Dataset items
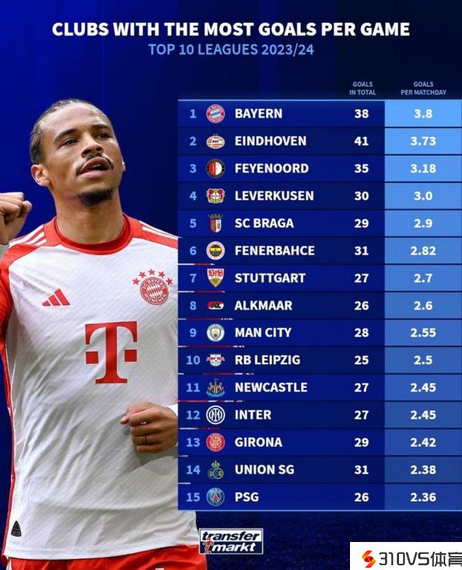 本赛季欧洲前十联赛场均进球榜:拜仁3.8球居首,曼城、国米在列
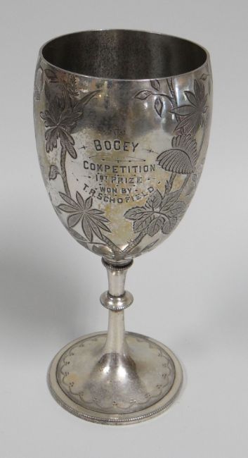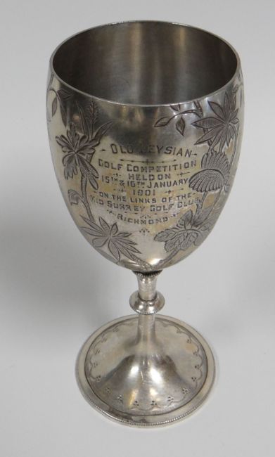 AN EPNS GOLFING TROPHY CUP inscribed 'Old Leysian - Golf Competition, held on 15th & 16th January 1901, on the links of the Mid Surrey Golf Club, Richmond'
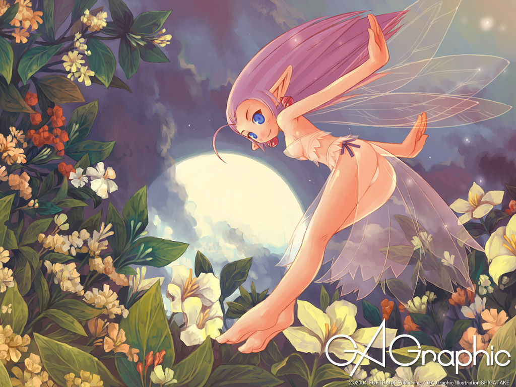 Description: A fairy with a purple hair and a pink tail is flying over flowers and a full moon in the background.
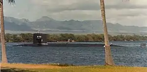 Aspro returned to Pearl Harbor in October 1989. As she rounded the bend into the submarine base, the other moored submarines, led by her sister ship USS Tautog (SSN-639), sounded their whistles for over four minutes, welcoming Aspro back to her home port.
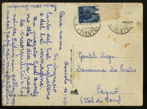 Cartolina in bianco e nero di misure 14,8x10,7 cm. Condizioni : USATO - Stato : Buono, ordinari segni d'uso e del tempo. Altre note : Viaggiata con timbro e francobollo.
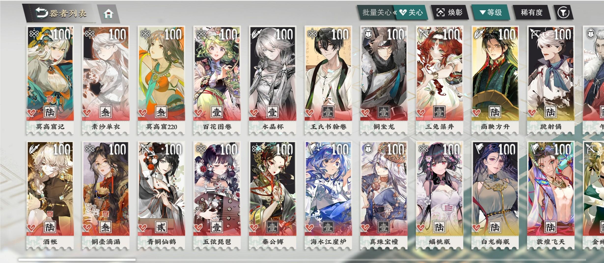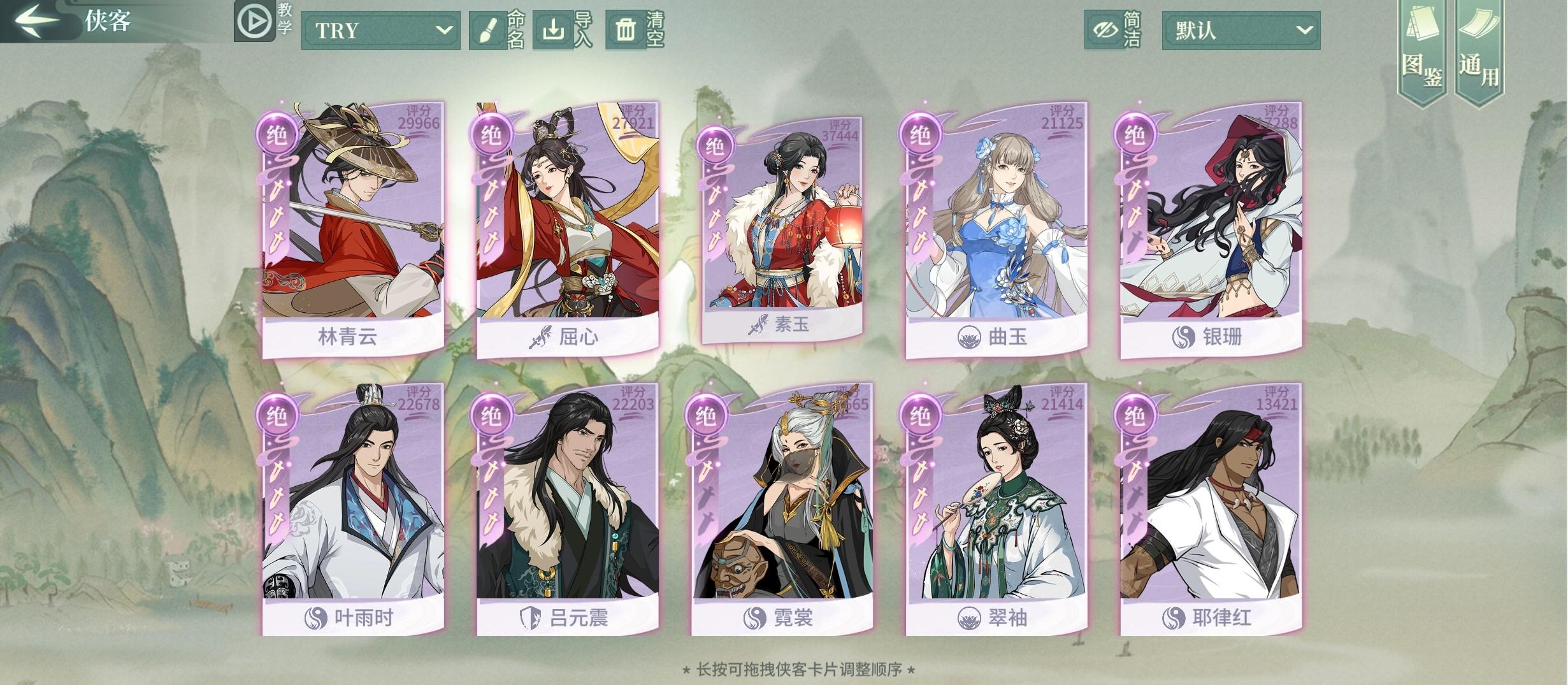 - 团队既然有人玩二游,请问二游角色栏界面是这样乱的吗?剑川的角色栏界面UI不提友商,连自家前作产品【汉家江湖】都不如。【汉家江湖】的角色栏UI界面,背景群山掩映,青绿色的山峦点缀空白四周,角色卡面居于其中,美观与和谐合二为一,深深契合一款古色古香的武侠游戏主题,唯一的遗憾是没有做成动态背景,从美学感受而言,是我目前玩过的游戏中最出色的。顺带贴两张友商,不提美观,哪家不比剑之川和谐?剑川呢?两个都不占。汉家江湖的主美,能不能救下?还有筛选问题,我后面接着点。
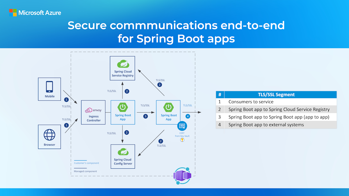 With Azure, you can secure communications end-to-end or terminate transport-level security at any communication point. You can also automate the provisioning and configuration for all the Azure resources needed for securing communications.

• Work instruction: Quote every record above exactly, leaving out any pictures.

• Exercise response:
 本赛季欧洲前十联赛场均进球榜:拜仁3.8球居首,曼城、国米在列
 AN EPNS GOLFING TROPHY CUP inscribed 'Old Leysian - Golf Competition, held on 15th & 16th January 1901, on the links of the Mid Surrey Golf Club, Richmond'
 Description: A fairy with a purple hair and a pink tail is flying over flowers and a full moon in the background.
 Aspro returned to Pearl Harbor in October 1989. As she rounded the bend into the submarine base, the other moored submarines, led by her sister ship USS Tautog (SSN-639), sounded their whistles for over four minutes, welcoming Aspro back to her home port.
 Cartolina in bianco e nero di misure 14,8x10,7 cm. Condizioni : USATO - Stato : Buono, ordinari segni d'uso e del tempo. Altre note : Viaggiata con timbro e francobollo.
 - 团队既然有人玩二游,请问二游角色栏界面是这样乱的吗?剑川的角色栏界面UI不提友商,连自家前作产品【汉家江湖】都不如。【汉家江湖】的角色栏UI界面,背景群山掩映,青绿色的山峦点缀空白四周,角色卡面居于其中,美观与和谐合二为一,深深契合一款古色古香的武侠游戏主题,唯一的遗憾是没有做成动态背景,从美学感受而言,是我目前玩过的游戏中最出色的。顺带贴两张友商,不提美观,哪家不比剑之川和谐?剑川呢?两个都不占。汉家江湖的主美,能不能救下?还有筛选问题,我后面接着点。
 With Azure, you can secure communications end-to-end or terminate transport-level security at any communication point. You can also automate the provisioning and configuration for all the Azure resources needed for securing communications.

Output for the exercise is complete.